§ Data for processing:
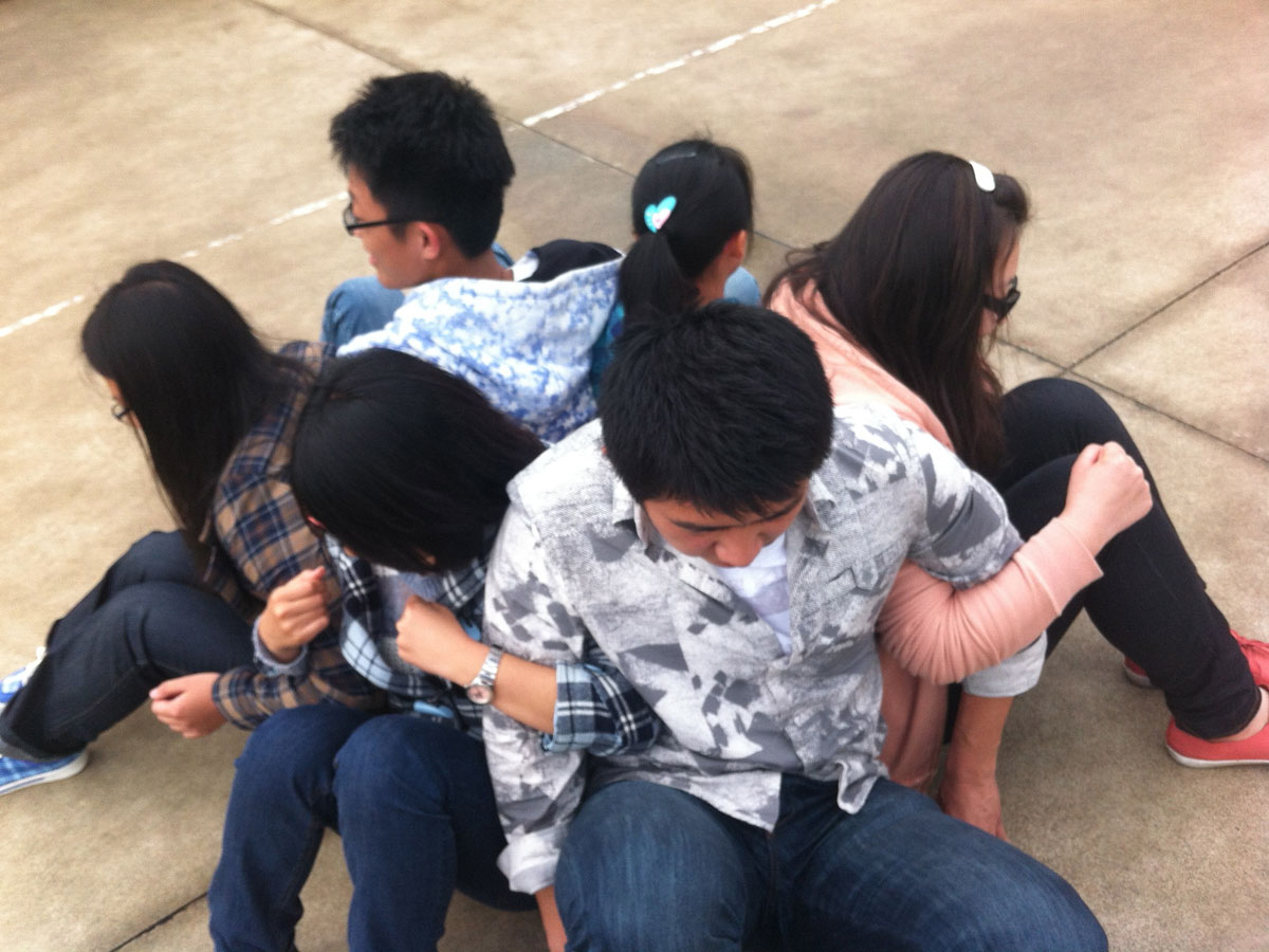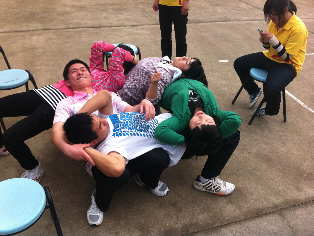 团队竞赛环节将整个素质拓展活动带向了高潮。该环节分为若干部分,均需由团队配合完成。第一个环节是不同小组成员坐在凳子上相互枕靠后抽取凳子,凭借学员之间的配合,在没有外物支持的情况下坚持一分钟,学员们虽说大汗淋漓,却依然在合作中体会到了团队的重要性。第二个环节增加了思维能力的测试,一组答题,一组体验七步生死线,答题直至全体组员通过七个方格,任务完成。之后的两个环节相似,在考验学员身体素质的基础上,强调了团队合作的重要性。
...
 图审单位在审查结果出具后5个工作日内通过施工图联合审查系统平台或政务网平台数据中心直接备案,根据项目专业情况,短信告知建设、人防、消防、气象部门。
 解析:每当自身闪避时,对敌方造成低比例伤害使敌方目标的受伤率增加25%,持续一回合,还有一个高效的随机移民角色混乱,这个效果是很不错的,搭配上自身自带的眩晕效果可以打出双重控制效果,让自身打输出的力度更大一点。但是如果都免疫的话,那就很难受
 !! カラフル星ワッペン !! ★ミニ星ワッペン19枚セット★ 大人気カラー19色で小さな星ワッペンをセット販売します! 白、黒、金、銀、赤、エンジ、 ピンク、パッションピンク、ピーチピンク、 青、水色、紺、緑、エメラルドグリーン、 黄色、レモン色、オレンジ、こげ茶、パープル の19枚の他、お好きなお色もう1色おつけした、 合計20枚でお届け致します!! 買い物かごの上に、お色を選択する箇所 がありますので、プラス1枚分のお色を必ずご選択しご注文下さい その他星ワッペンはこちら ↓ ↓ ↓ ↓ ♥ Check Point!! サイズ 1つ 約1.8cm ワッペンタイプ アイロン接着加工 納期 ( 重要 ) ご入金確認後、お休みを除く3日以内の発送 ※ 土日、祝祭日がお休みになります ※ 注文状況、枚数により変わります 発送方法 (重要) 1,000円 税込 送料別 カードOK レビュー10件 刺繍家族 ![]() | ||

§ Activity: Using the listing above, return word for word each line from the one that has "图审单位在审查结果出具后5个" through the one that has "解析:每当自身闪避时,对敌方", and no line outside that range.

§ Written reply:
 图审单位在审查结果出具后5个工作日内通过施工图联合审查系统平台或政务网平台数据中心直接备案,根据项目专业情况,短信告知建设、人防、消防、气象部门。
 解析:每当自身闪避时,对敌方造成低比例伤害使敌方目标的受伤率增加25%,持续一回合,还有一个高效的随机移民角色混乱,这个效果是很不错的,搭配上自身自带的眩晕效果可以打出双重控制效果,让自身打输出的力度更大一点。但是如果都免疫的话,那就很难受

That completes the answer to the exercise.